= Topic-based authoring =

Structural approach to information publishing

In technical communication, topic-based authoring or topic-based writing is a modular approach to content creation where content is structured around topics that can be mixed and reused in different contexts. It is defined in contrast with book-oriented or narrative content, written in the linear structure of written books.

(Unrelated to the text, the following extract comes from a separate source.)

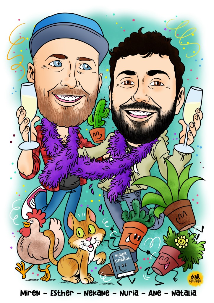 Natalia y sus amigas me pidieron esta caricatura para celebrar la boda de sus amigos José (veterinario de gallinas ponedoras) y James (profe de inglés). ¡Sed muy felices, pareja!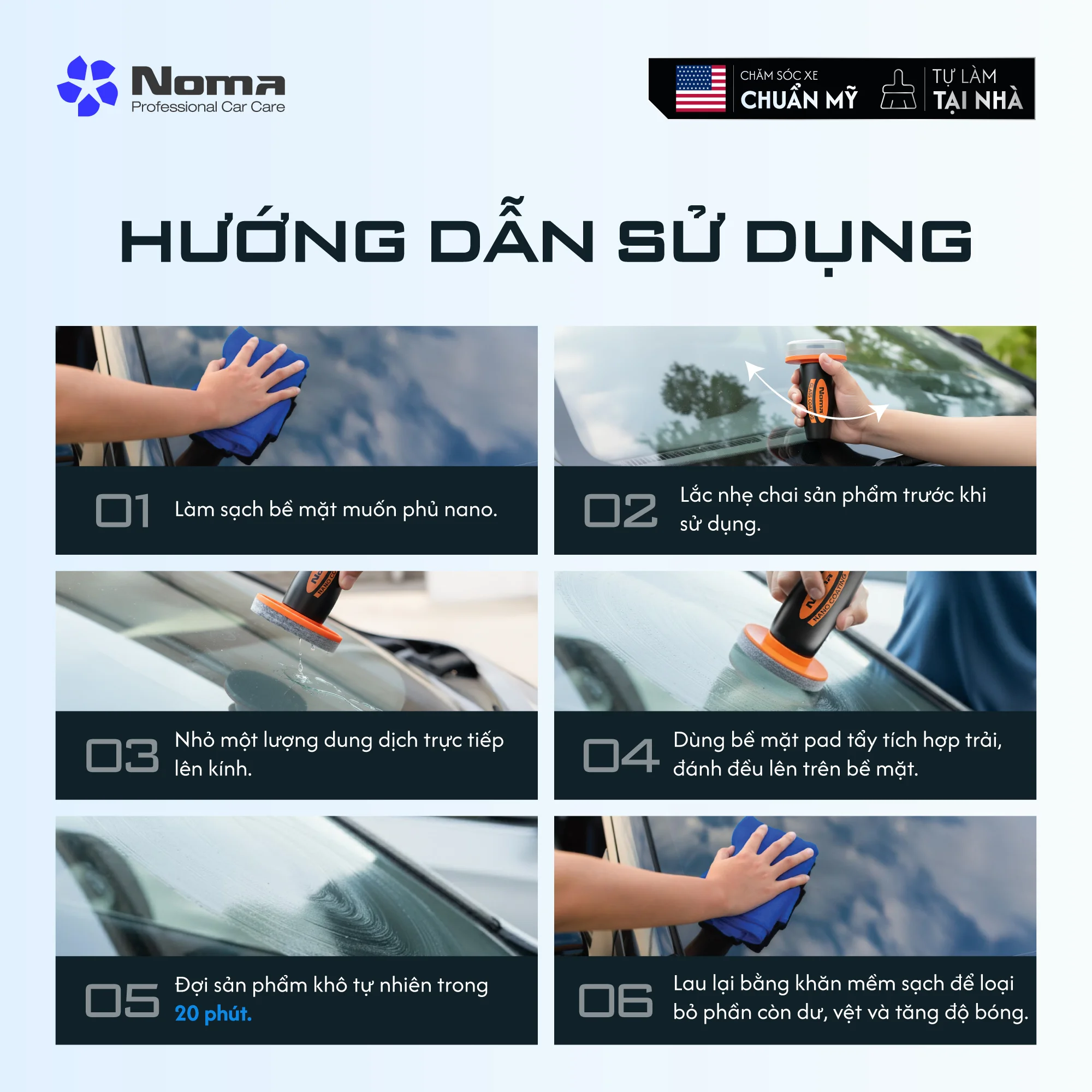 Để đạt được lớp phủ bền bỉ và hiệu ứng trượt nước tốt nhất, bạn hãy thực hiện theo quy trình 6 bước đơn giản sau đây:

Topic-based authoring is popular in the technical publications and documentation arenas, as it is especially suitable for technical documentation. Tools supporting this approach typically store content in XHTML or other XML formats and support content reuse, management, and the dynamic assembly of personalized information.

== Topics ==
A topic is a discrete piece of content that:
- focuses on one subject,
- has an identifiable purpose,
- does not require external context to understand,
- answers a single question, and
- can be used for multiple purposes.

Topics can be written to be independent of one another and reused wherever needed.

== History ==
Following the technology revolution of the 1990s, technical communicators were employed to convey technical information to the new, rapidly growing population of technical users. This began with the use of manuals, but those were not widely well received as did not meet the accelerated speed at which the users desired information. In 1998, John M. Carroll developed the writing concept of minimalism which provided shorter and more streamlined instruction for the user to access quickly. The publication of William Horton's Designing and Writing Online Documentation introduced the development of online help. Online help's content is topic-oriented, using conceptual and procedural topics to build its structure.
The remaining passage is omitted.